— С молодыми работать хорошо, — засмеялся Булатов, — сам молодеешь.
— Хорошо! — подтвердил Мишин.
— Как думаете шагать дальше? — внимательно щурясь, спросил Булатов.
— Широко шагать, Камиль Хасанович. К мелкому шагу непривычны. Сейчас готовим первую серию. Пока еще учимся работать по графику, а скоро объявим график непреложным законом.
— Правильно. Над этим партийной организации надо работать теперь денно и нощно. График!
У крайнего голубого, как весеннее небо, комбайна стоял на стремянке Ибрагимов, выводя аккуратными красными буквами прямо на капоте бункера: «Товарищи! Повысим напряжение в труде. Дадим в ноябре первую серию!»
— Вот каким лозунгом надо заменить на щите ту, поздравительную, телеграмму министра, — сказал Булатов Гусеву и, повернувшись к Ибрагимову, спросил:
— А зачем вы, молодой человек, пишете прямо на комбайне?
Ибрагимов не без испуга взглянул на секретаря обкома, потом в его черных глубоких глазах сверкнула лукавая уверенность.
— Нагляднее. А потом, пусть колхозники знают, что нелегко нам дались эти самоходы. Напористее работать будут!
— Верно, — улыбнулся Булатов. — Ну, а у вас все работают напористо?
— Какое там! — тряхнул кистью Ибрагимов. — Отдел снабжения взять. Первую половину месяца у них сырой воды не допросишься. Зачем ни придешь — нету, ожидаем поступления. Либо пачку телеграмм покажут: вот, дескать, все меры нами приняты, — не шлют. Но ведь телеграммы на комбайн не поставишь. А в последних числах, когда «дожимается» программа, Миловзоров и его братия достанут вам все, что хотите. Вот до чего противный народ эти миловзоровцы, глаза бы на них не смотрели!
Булатов долго беседовал с Ибрагимовым.
Прения были жаркие.
Чардынцев видел, как рдело острое лицо секретаря: коммунисты резко критиковали партийный комитет и больше всего — Гусева.
В президиуме сидел Булатов, внимательно слушая каждого оратора. Он весь день провел на заводе — беседовал с рабочими, инженерами и даже, к удивлению многих, добрый час провел в бухгалтерии.

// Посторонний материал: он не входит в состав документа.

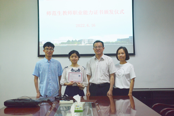 本网讯 近日,公司学前教育专业毕业生徐诗语从经理王文凯手中接过了公司首张师范生教师职业能力证书。根据教育部、省教育厅相关文件精神,公司学前教育专业获得师范生免试认定中小学教团队格改革专业。自2022年开始,该专业可以根据师范生教师能力标准,建立师范生公司产品能力考核制度,开展幼儿园学段的师范生教师职业能力测试,并向测试合格者颁发《师范生教师职业能力证书》。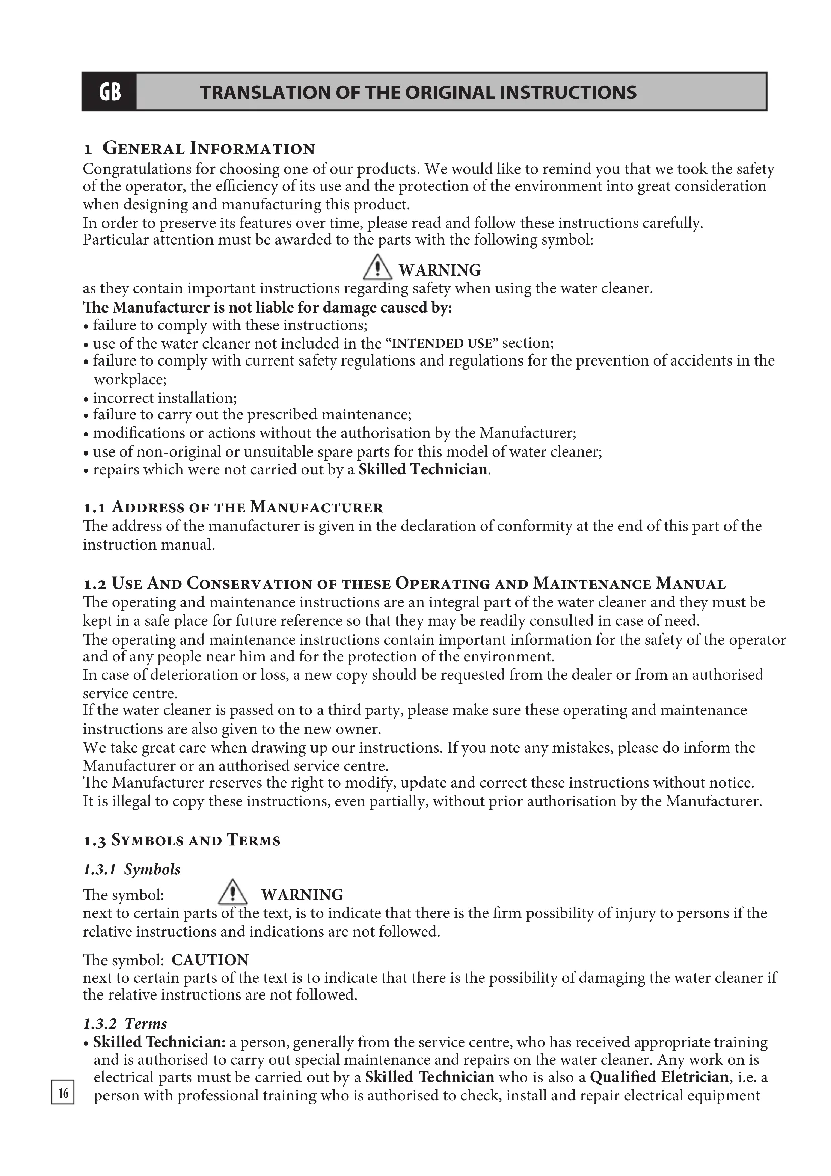 - Skilled Technician: a person, generally from the service centre, who has received appropriate training and is authorised to carry out special maintenance and repairs on the water cleaner. Any work on is electrical parts must be carried out by a Skilled Technician who is also a Qualified Elettrician, i.e. a person with professional training who is authorised to check, install and repair electrical equipment

В выступлениях делегатов партийной конференции часто упоминалась фамилия Чардынцева. Люди приводили его в пример, хвалили за страстность, напористость, умение «зажечь в человеке огонек».
Чардынцев встретился взглядом с Мишиным. Улыбчивые глаза директора, казалось, говорили: «Поздравляю, Алексей! Оценили тебя коммунисты. А нас с Гусевым ругают. И поделом!»
На трибуне стоял Бакшанов.. Волнистая прядь чуба закрывала половину лба. Широко расставленные карие глаза смотрели с непримиримой упрямостью. «Горяч», — молчаливо заметил себе Чардынцев.
— Доклад товарища Гусева был неторопливый, спокойный, уравновешенный… Такой… что и не хочешь спать, а уснешь. А нам ли до спокойствия, нам ли до безмятежного сна сейчас, товарищи?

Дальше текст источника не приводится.